Vertex AI Backend¶
Route any compatible CLI runtime through Google Cloud Vertex AI instead of direct provider APIs.
Why¶
- Single-vendor billing & audit trail (CloudLogging captures every call)
- EU data residency by default (
europe-west1) - IAM auth instead of per-provider API keys (no
ANTHROPIC_API_KEYto rotate) - Model Garden access: Anthropic Claude + Google Gemini + Llama + Mistral + others, all under one auth
- Compliance: SOC2, ISO27001, HIPAA, EU GDPR — what your security team probably already approved
Setup¶
# 1. Authenticate (any one of these)
gcloud auth application-default login # interactive
# or, in CI / Cloud Run:
export GOOGLE_APPLICATION_CREDENTIALS=/path/to/service-account.json
# 2. Tell agentspec which project to use
export GOOGLE_CLOUD_PROJECT=my-project
# 3. (Optional) override the region — defaults to europe-west1
export GOOGLE_CLOUD_LOCATION=europe-west4
That's it.
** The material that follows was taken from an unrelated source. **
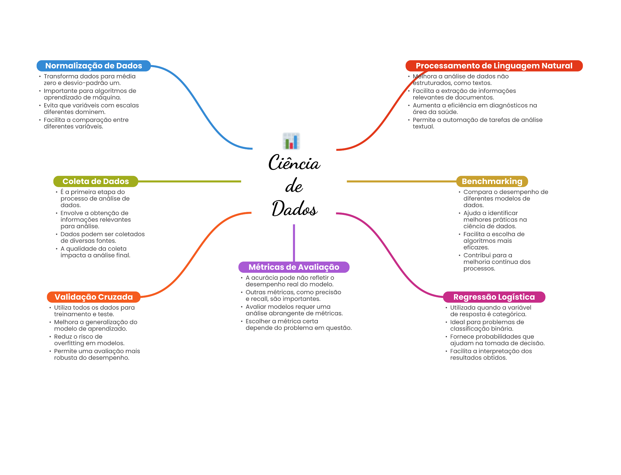 Normalização de Dados Processamento de Linguagem Natural Transforma dados para média a de dados não zero . desvio-padrão um. como para de Facilita a extração de de maquina. relevantes de documentos. Evita que com escalas a eficiência em diagnósticos na diferentes dominem. da Facilita a comparação entre Permite a automação de tarefas de diferentes textual. Coleta de Dados Benchmarking a primeira etapa do Compara desempenho de processo de de diferentes modelos de dados. dados. Envolve a obtenção de Ajuda a identificar informações relevantes melhores na para ciência de Dados podem ser Facilita a de de fontes. algoritmos mais A qualidade da coleta a final. Contribui para a melhoria continua dos Métricas de Avaliação processos. A acurácia pode não refletir desempenho real do modelo. métricas, como precisão Validação Cruzada são Regressão Logística Utiliza todos dados para Avaliar modelos requer uma quando a variável abrangente de métricas. de resposta categórica. Melhora a generalização do Escolher a certa Ideal para problemas de modelo de aprendizado. depende do problema em questão. binária. Reduz risco de Fornece probabilidades que overfitting em modelos. ajudam na de decisão. Permite uma avaliação Facilita interpretação dos robusta do desempenho. resultados obtidos.
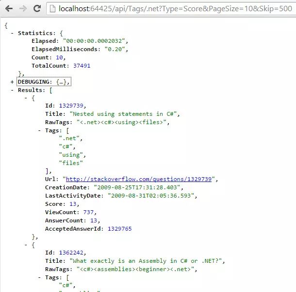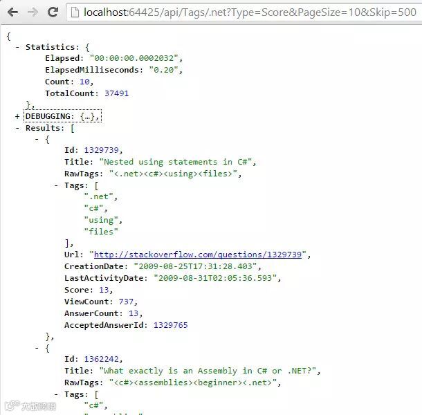 上面的工作搞定后,我就可以提供API,你可以通过浏览器来查询了。注意下图中的时间是在服务器处理的时间,事实上这个数字也是靠谱的,查询单个标签的速度非常非常快。

AgentSpec auto-detects the configuration. Verify with:
agentspec resolve my-agent.agent
# decisions:
# Vertex AI detected: vertex-ai (project=my-project, region=europe-west1)
# selected claude/claude-sonnet-4-6 via claude-code (Vertex AI: europe-west1)
Per-runtime mapping¶
When AgentSpec routes through Vertex AI, it injects the right env vars for each CLI:
| CLI | Mechanism | Env vars set |
|---|---|---|
| claude-code | Anthropic's official Vertex mode | CLAUDE_CODE_USE_VERTEX=1, ANTHROPIC_VERTEX_PROJECT_ID, CLOUD_ML_REGION |
| gemini-cli | Google's official Vertex mode | GOOGLE_GENAI_USE_VERTEXAI=true, GOOGLE_CLOUD_PROJECT, GOOGLE_CLOUD_LOCATION |
| aider | Via LiteLLM Vertex provider | VERTEX_PROJECT, VERTEX_LOCATION |
| opencode | Standard GCP env vars | GOOGLE_CLOUD_PROJECT, GOOGLE_CLOUD_LOCATION |
| codex-cli | ❌ OpenAI not on Vertex Model Garden | (uses OpenAI direct API) |
| ollama | ❌ Local model | (no Vertex routing) |
Routing precedence¶
When both Vertex AI and direct provider API keys are configured, Vertex
AI wins for routable providers (claude, anthropic, gemini,
google).
For non-routable providers (openai, local), agentspec uses the
direct API even when Vertex is configured.
Region selection¶
Default: europe-west1 (Belgium) — broadest model coverage in EU and
GDPR-primary region.
Other useful EU regions:
| Region | Notes |
|---|---|
europe-west1 |
Belgium. Default. Best Gemini + Claude availability. |
europe-west4 |
Netherlands. Alternative if you need it for residency. |
europe-southwest1 |
Madrid. Latency-friendly for SP/PT workloads. |
Set explicitly when needed:
Env var precedence (project)¶
Highest to lowest:
AGENTSPEC_VERTEX_PROJECT(explicit, agentspec-specific)GOOGLE_CLOUD_PROJECT(standard GCP env)VERTEX_PROJECT(some tooling uses this)
Same for location: AGENTSPEC_VERTEX_LOCATION > GOOGLE_CLOUD_LOCATION > VERTEX_LOCATION > europe-west1 (default).
What about Model Garden Anthropic models?¶
Vertex Model Garden serves Anthropic Claude models on EU-resident
infrastructure. AgentSpec recognizes provider prefixes claude/ and
anthropic/ and routes them to claude-code with Vertex env vars. The
actual model you request must be available in your region.
Check availability: https://cloud.google.com/vertex-ai/generative-ai/docs/learn/models
Disabling¶
Just unset the env vars:
Or set a non-routable model in your .agent:
model:
preferred:
- openai/o3 # uses codex-cli direct, never Vertex
- local/llama3:70b # uses ollama, never Vertex
Verifying it actually went through Vertex¶
After running an agent, check CloudLogging:
gcloud logging read 'resource.type="aiplatform.googleapis.com/Endpoint"' \
--project=$GOOGLE_CLOUD_PROJECT --limit=5
You should see your model invocations there. If you don't, agentspec
fell back to direct API for some reason — check the resolver decisions
with agentspec resolve --output json and look at auth_source.